> **Material provided**:
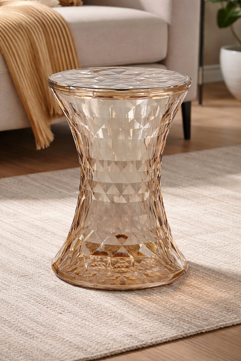 Dodaj elegancji i nowoczesności do swojego wnętrza dzięki naszemu stołkowi w kształcie klepsydry z fakturą diamentu.
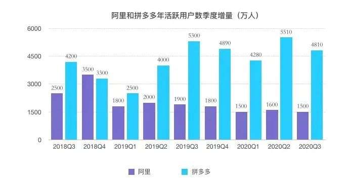 (阿里和拼多多年活跃用户数季度增量对比:2018Q3—2020Q3,制图:DoNews)
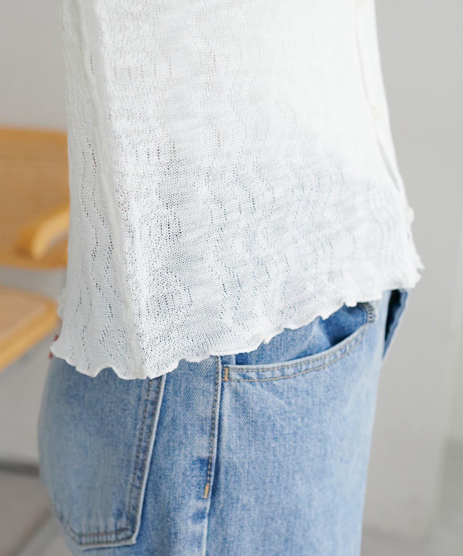 ・透かし編みの軽い素材は、抜け感のある印象に

> **About this task**: Write the data above out again exactly, minus its pictures.

> **Task output**:
 Dodaj elegancji i nowoczesności do swojego wnętrza dzięki naszemu stołkowi w kształcie klepsydry z fakturą diamentu.
 (阿里和拼多多年活跃用户数季度增量对比:2018Q3—2020Q3,制图:DoNews)
 ・透かし編みの軽い素材は、抜け感のある印象に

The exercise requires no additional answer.